If I ask a site to delete my personal data when they no longer have any reason to hold it, I might reasonably expect them to delete it — not stick some flag in a database, and then find when they have a security breach in five years' time that the data was still there. If an organisation is unwilling to follow this rule, the law should make them; the consequences of failing to do so with modern technology are demonstrated all too frequently, and often with horrendous, underserved consequences for those affected.
If I flag my personal data as private and restrict access to only a select group of friends, I might reasonably expect that data to be kept private and accessible only to those friends — not made accessible, in its entirety, to a million arbitrary developers of Facebook apps around the world, many from countries with far less privacy protection than the law in my country (and other countries where Facebook is hosted) provides. Again, if a site that specialises in collecting personal data and attracts that data on the basis that it can be held in confidence is unable to keep that confidence, the law should compel them to do so.
The way Facebook doesn't really delete data and the way they allow app developers open-ended access to it are the two big reasons I personally don't use their service, and I would be interested to know how many of my Facebook-using friends would agree if they knew the full implications of signing up for one game of Scrabulous or whatever it's called these days.
The world has changed in the Internet age, because now transgressions that might have been forgotten or overlooked after a while in the past are kept on-file forever and searchable for all to see. That in itself makes both education (particularly for the young/vulnerable), privacy awareness, and explicit legal protections for personal information much more important.
Personally, I believe personal data protection and privacy laws are far, far too weak in most jurisdictions today, lagging well behind modern technology and its less constructive applications. I would like to see statutory safeguards on all collection, use and distribution of personal data, and awesome, business-destroying penalties for those who are not careful enough to do so.

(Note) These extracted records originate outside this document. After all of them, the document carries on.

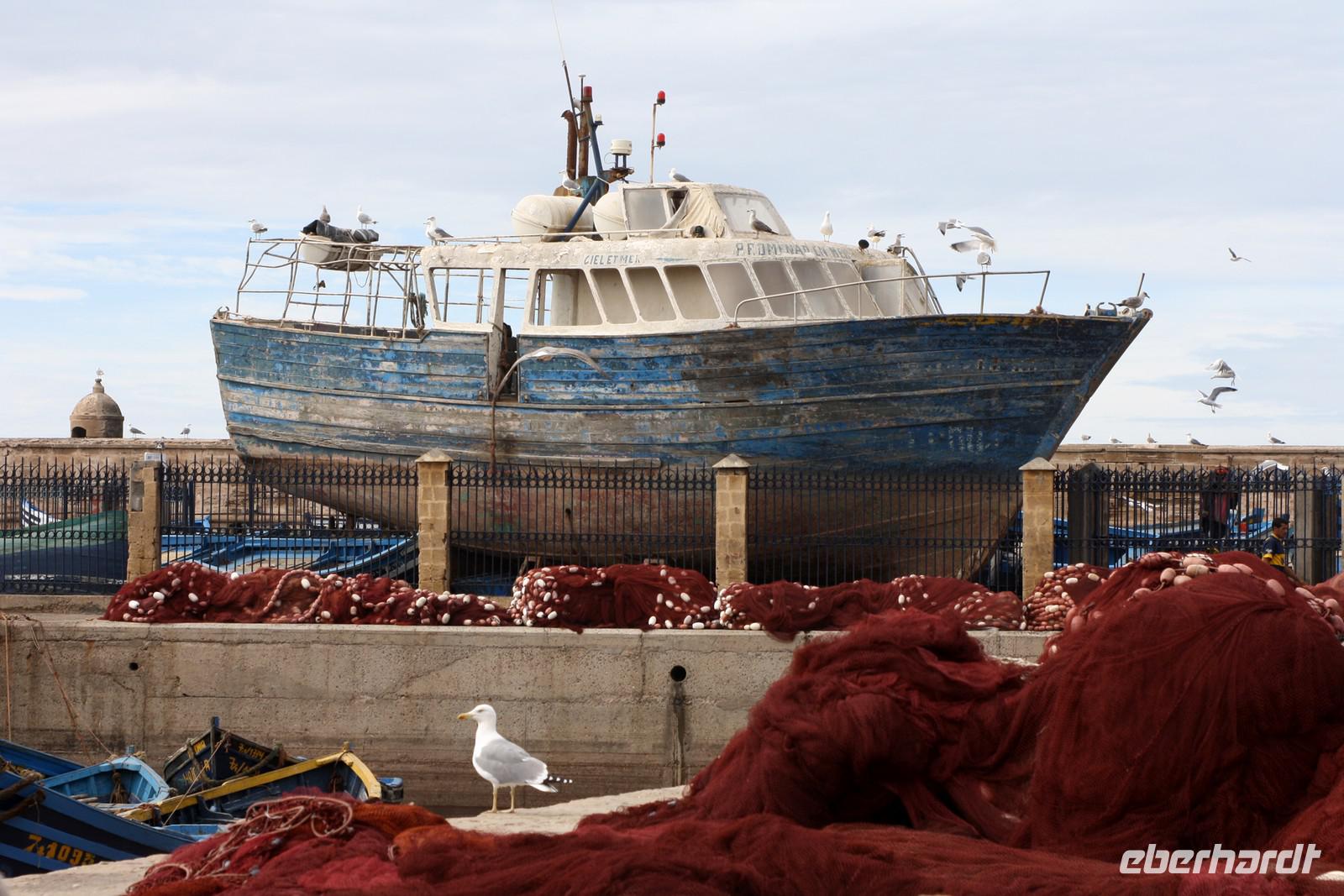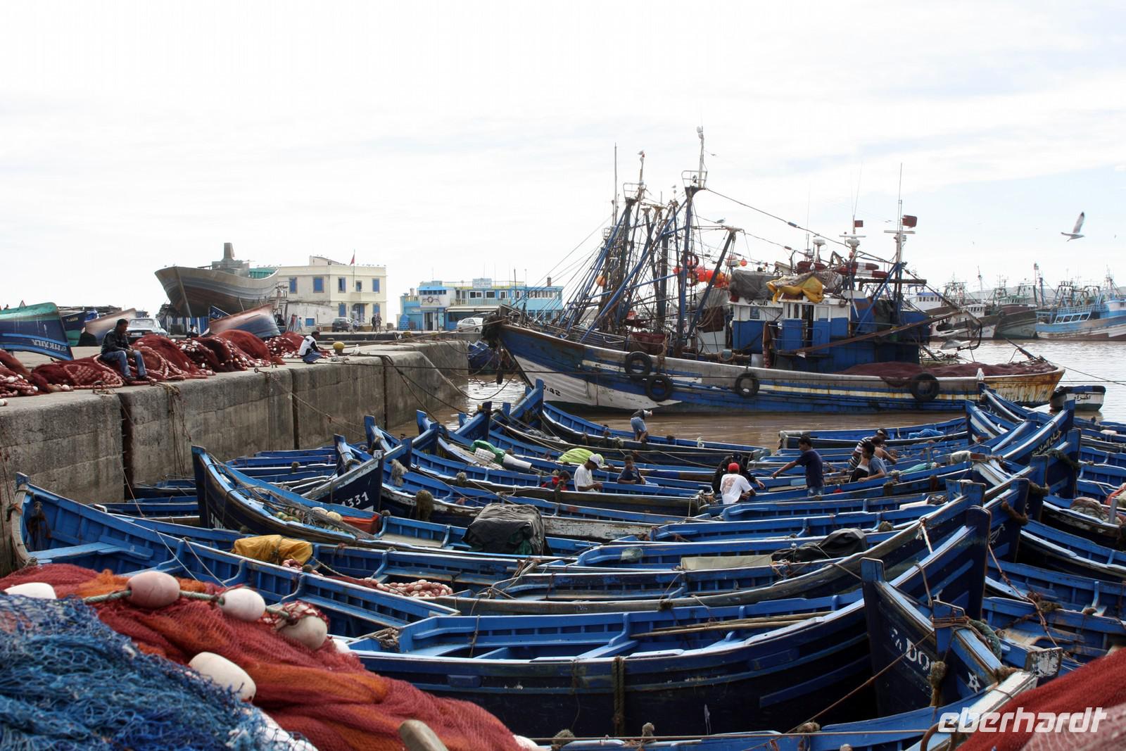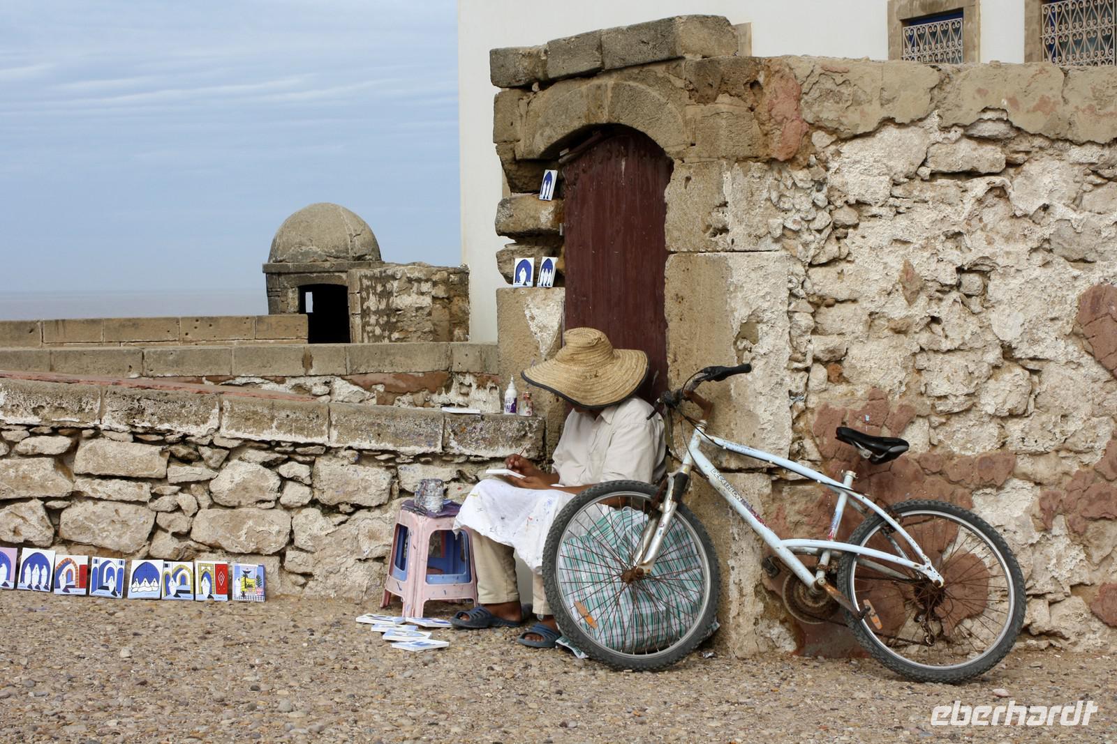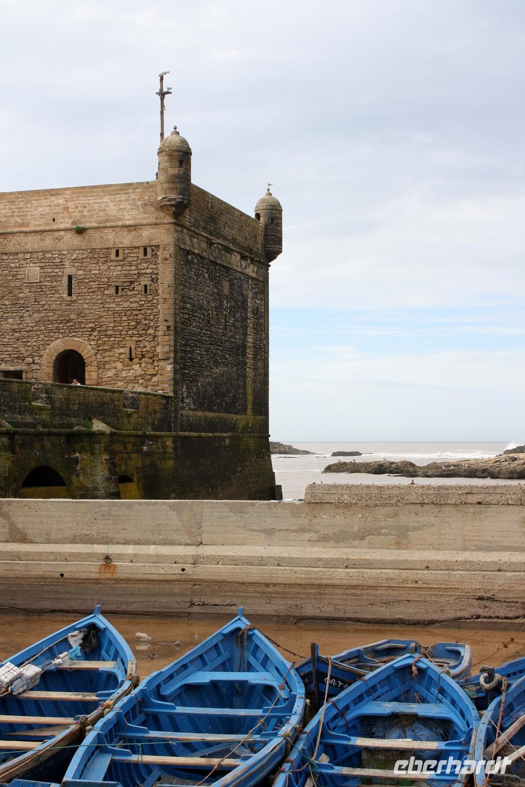 Da wir bei der Anreise einen halben Tag verloren hatten in Casablanca, fuhren wir zeitig vom Hotel in Essaouira weg, um unser vorgesehenes Programm zu schaffen. Zum Mittag waren wir da und stärkten uns erstmal an der Promenade „Le Corniche".
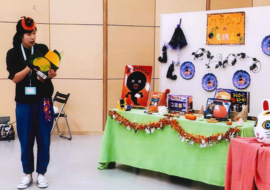 絵本の読み語りだけでなく、パネルシアター、エプロンシアター、ワークショップなど、多彩なプログラムで絵本に親しみや楽しさを感じてもらえるようなイベントを開催。月1回の公民館でのお話し会、月3回市内の保育園やこども園などへ訪問の他、依頼があれば市内の福祉施設へ出向き絵本の読み語りなどのイベントを行っている。
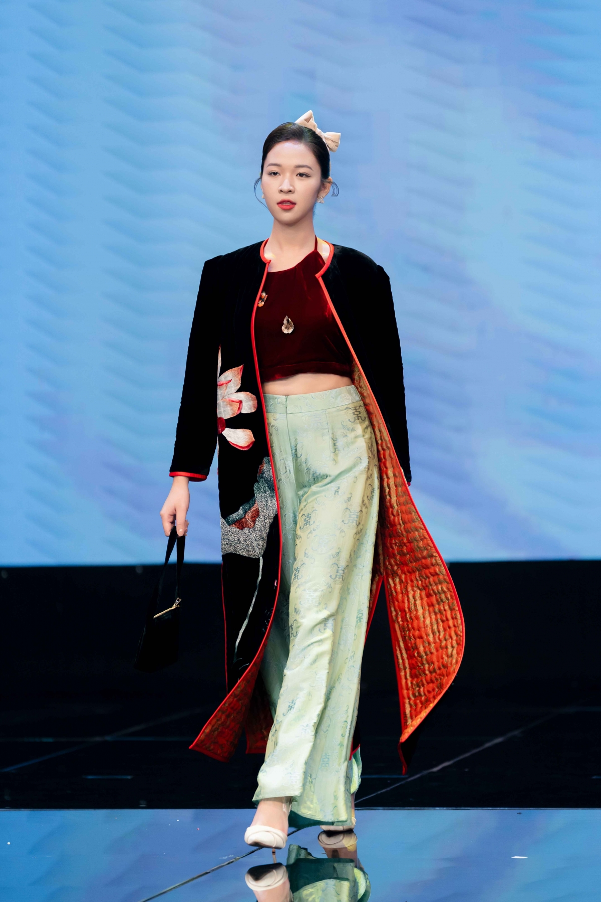 Điểm nhấn của “Tơ xưa” nằm ở các mẫu blazer cách tân từ lụa Việt, kết hợp họa tiết thêu tay tỉ mỉ, tạo nên vẻ thanh lịch, độc đáo. Trên nền vải mềm mại, họa tiết hoa, chim, rồng phượng được thêu tay sống động, thể hiện tình yêu quê hương và tinh thần dân tộc. “Thời trang không chỉ là quần áo, mà là cách tôn vinh giá trị thủ công truyền thống bằng hơi thở hiện đại”, NTK chia sẻ.

Our current path, towards a database state and wholesale aggregation of personal data by private entities, using software that is frequently insecure, with low-level staff unreliable at following even basic security procedures, in a world where leaks can turn a victim's life upside down and the damage may be expensive or impossible to fix, is not a healthy path to follow.
Basically, it's reasonable to expect some common sense from those old enough to know what they're doing, but it is not reasonable to expect people to make decisions based on information they probably don't know or understand, and in any case, no-one is perfect and I personally think society would be a better place with stronger privacy laws governing organisations that compile massive databases of personal data. As I often comment in these discussions, just because we can do something does not mean we should, and just because someone who is only human once made a mistake does not mean we have to catalogue it and make it searchable by anyone for the rest of their life.
If you disagree, post your argument. (-1, Overrated) isn't your personal censorship tool for views you don't like.
What you say would be true for people who make their facebook profile public, but what about those with private profiles that are visible only to their friends, and are basically being leaked to third parties?
How would you feel if your cell phone company were selling transcripts of your phone calls to advertisers and potential employers without your consent (ie. considering your use of their system as you granting your implicit consent)?